State Able to Recover Medicaid Expenses From Husband’s Annuity For Benefits Incurred After His Death
Betty Hutcherson, and Arizona resident, entered a nursing home. In an effort to qualify for Medicaid, John purchased an annuity that listed the state and Hutcherson’s daughter, Rebecca, as primary and secondary beneficiary, respectively. According to 42 U.S.C. § 1396p(c)(1)(F), an annuity that names the state as a primary remainder beneficiary “for at least a total amount of medical assistance paid on behalf of the institutionalized individual” is not a transfer of an asset for below-market value. When John died, the state had paid $23,840.51 for Betty’s care and the annuity had $75,000 left.

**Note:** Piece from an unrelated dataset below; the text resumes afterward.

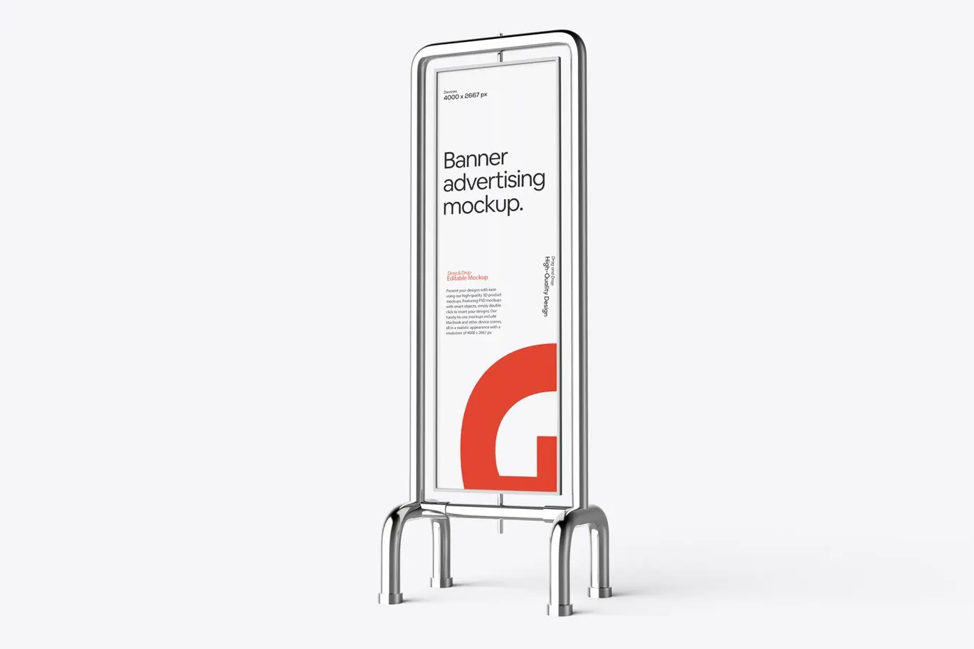 Vertical Banner Sign Mockup 5款金属支架垂直横幅营销广告牌模型展示设计贴图ps样机素材
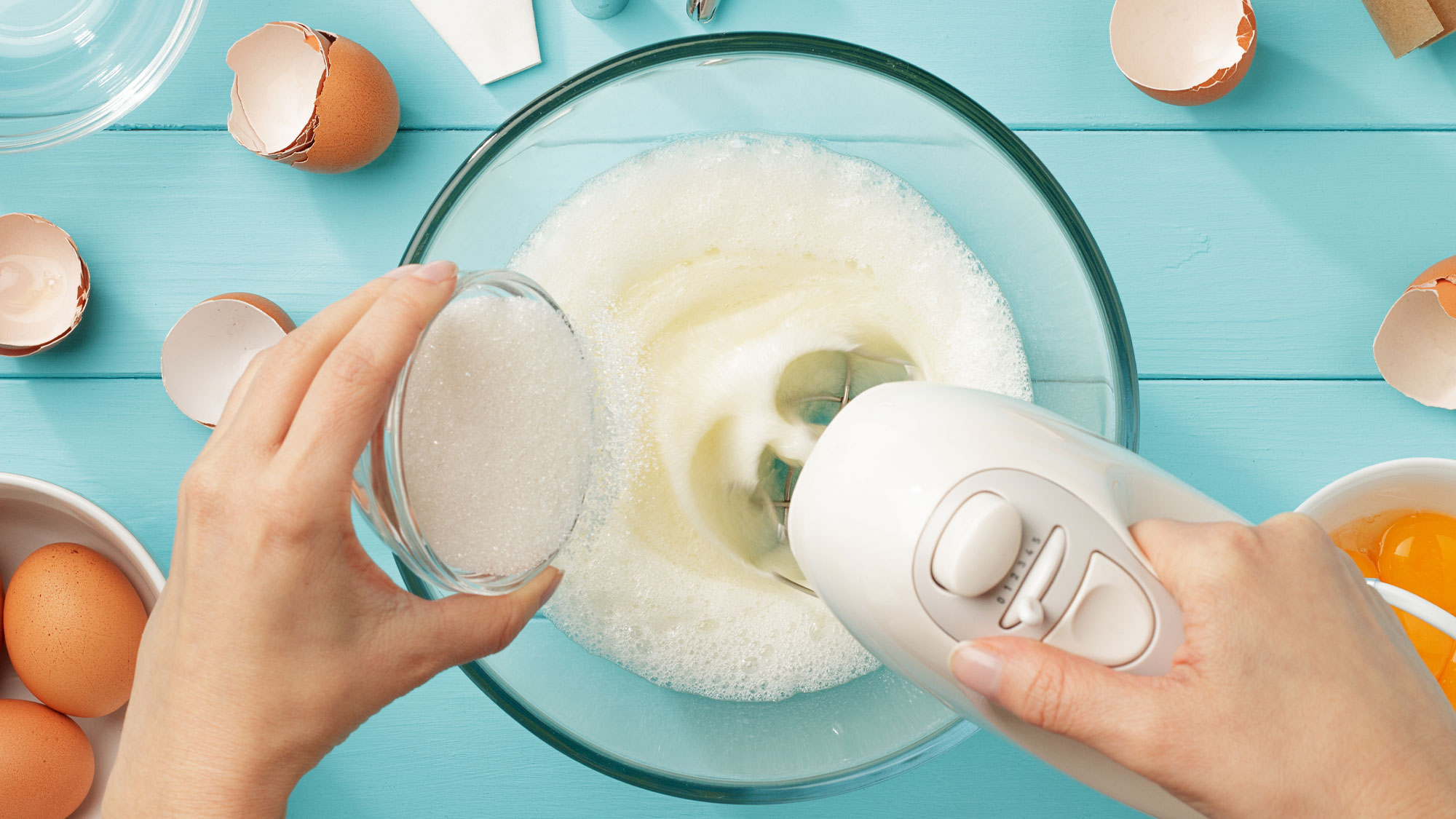 In a large mixing bowl, crack in the eggs and add the caster sugar and salt. Whisk it all together until the mixture looks pale and slightly frothy. Stir in the vanilla extract now if you're using it.

In a claim filed in federal court in Arizona, Rebecca asked the court to declare that the state’s ability to recover from the annuity was limited to the amount the state had paid up to the point of John’s death. After the court granted the state’s request for summary judgment, Rebecca appealed.
In Hutcherson v. Arizona Health Care Cost Cont. Syst. Adm. (U.S. Ct. App., 9th Cir., Jan. 27, 2012), the U.S. Court of Appeals for the Ninth Circuit affirmed the lower court’s holding, finding that the state had the ability to recover from the annuity Medicaid expenses incurred after John’s death.
See State Can Recover From Spouse’s Annuity for Medicaid Benefits Paid After Spouse Died, Elder Law Answers, Jan. 30, 2012.